例えばここにG音(ト音)が一つ表記されているとしましょう。あなたはそれを見て一つのG音であると認識するでしょう。しかし実際の音楽の中に出てくるG音は決して特定の絶対音高のものではありません。それはGis音(嬰ト音)やGes音(変ト音)に変化するとか、または基準ピッチが変わるといったような話ではありません。そのG音を取り巻く他の音たちとの脈絡、さらにはその音楽が望む表現にしたがって、音高は微細に変動します。ある時は高めかもしれないし、またある時は低めかもしれない。同じ曲どころか、同じフレーズの中で出てくる2つのG音がそれぞれ異なる高さである可能性すらあります。そのG音がどのようなものであるかは周囲の音や表現から判断するしかなく、五線譜上には高めでも低めでもないただただ近似されたG音が書かれているのです。例としてG音を引き合いに出しましたが、これは全ての音について言えることでしょう。
また、音から音への繋がり方においても様々な振る舞いの可能性が考えられます。しかしそれもまた楽譜に表記する際には近似されたものしか書くことができません。僕が高校時代にやっていた合唱では音の摺り上げ・摺り下げは普段大変に忌避され、楽譜に "portamento" とでも書かれていない限りは厳格に排除したものです。ところが実際の音楽においては、portamentoとは知覚できない程度のportamentoの可能性があるわけです。知覚できない程度ですので、楽譜には到底そのようには表記されませんし、表記できません。

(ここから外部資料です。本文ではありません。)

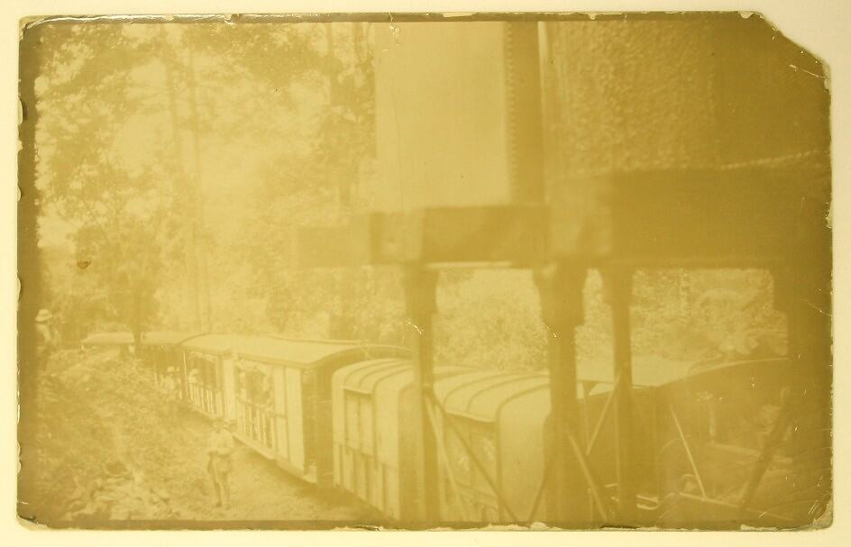 Postcard dating from World War I, showing a black and white photograph of a train on the Darjeeling Railway.
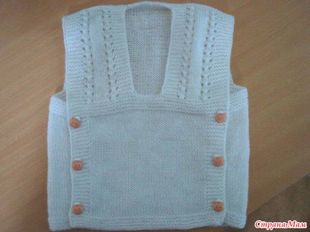 Очень удобная бесшовная безрукавка. Благодаря застежке, легко одевается. Вещь очень универсальная, подойдет как мальчикам, так и девочкам. Ниточки NAKO BAMBINO 25% шерсть, 75% акрил, 130 м, 50 гр (На безрукавку и носочки ушло ровно 150г). Спицы № 2,5. Плотность вязания 10*10 см - 22 петли, 31 ряд. ] И еще варианты:
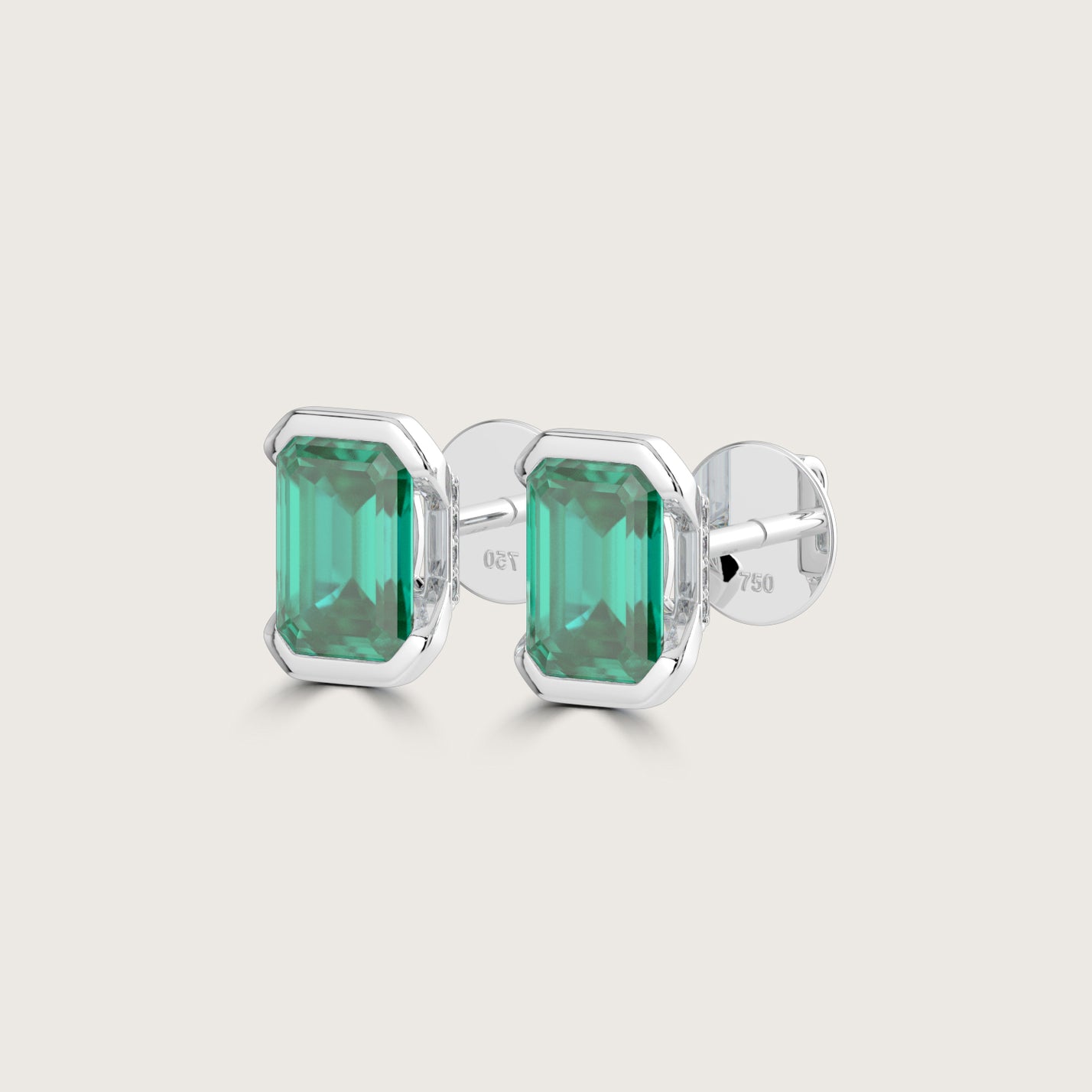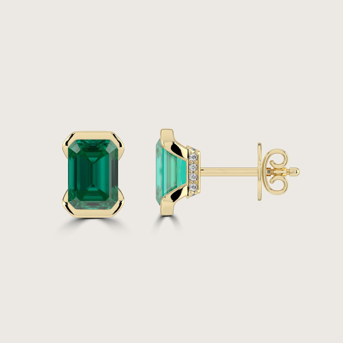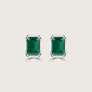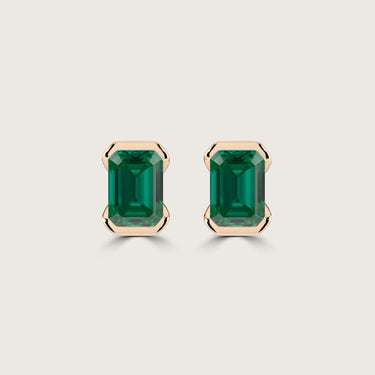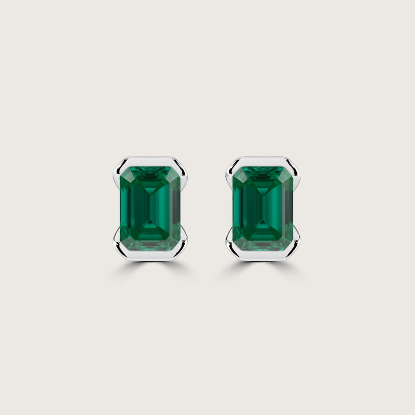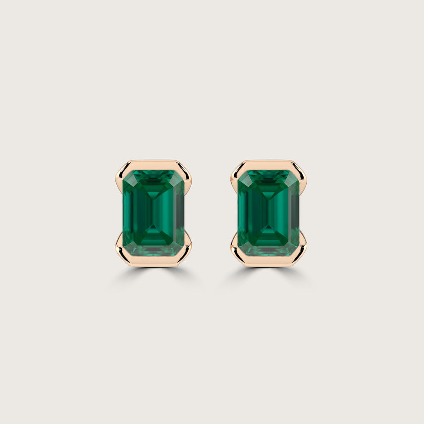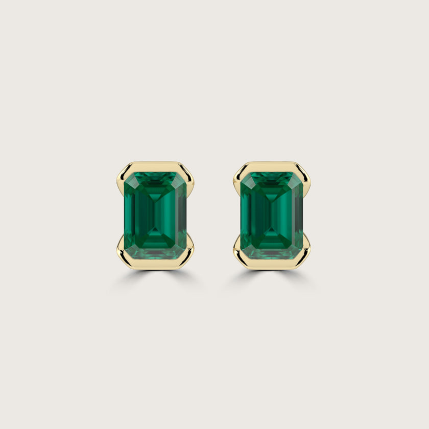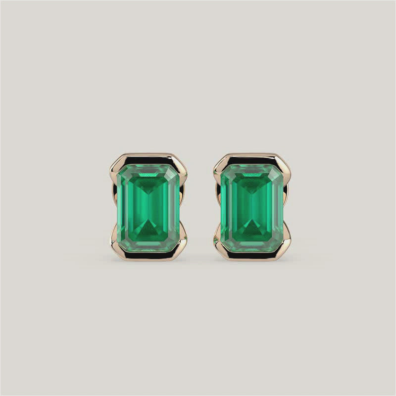 Half Bezel Set Emerald Cut Emerald Stud Earrings

音価についても近似を指摘することができます。二つ並んだ8分音符は本当にそれぞれ同じ音価の音として存在しているでしょうか。異なる音価ならば異なる音価の音符によって表記するはずだと思われるかもしれません。しかしそれが表記されるのは、五線譜が基本的に備えている目盛りに合致する場合です。確かに2つの音に2:1くらいの音価比があったならばそれは表記されるでしょう。
しかしその理想的な音価比が例えば 12:11 という計測結果であった時、それはわざわざ表記され得るでしょうか。どうにか表記したところでその通りに厳密に再現されることは到底期待できませんし、作曲者本人すらもそこまでのフィーリングには無自覚であり「同じ音価で弾いた」と思い込んで楽譜を書いているかもしれません。テヌートを付ける程度にすら達しない絶妙な揺れが存在することは、やはり音楽の実態から掴むしかないでしょう。本当は絶妙な揺れが存在する音楽でも、楽譜に表記する際にその揺れを表記することが叶わなかった場合、楽譜に嵌め込まれた揺れの無い座標を再現することは果たして「音楽を忠実に再現した」ということになるのでしょうか。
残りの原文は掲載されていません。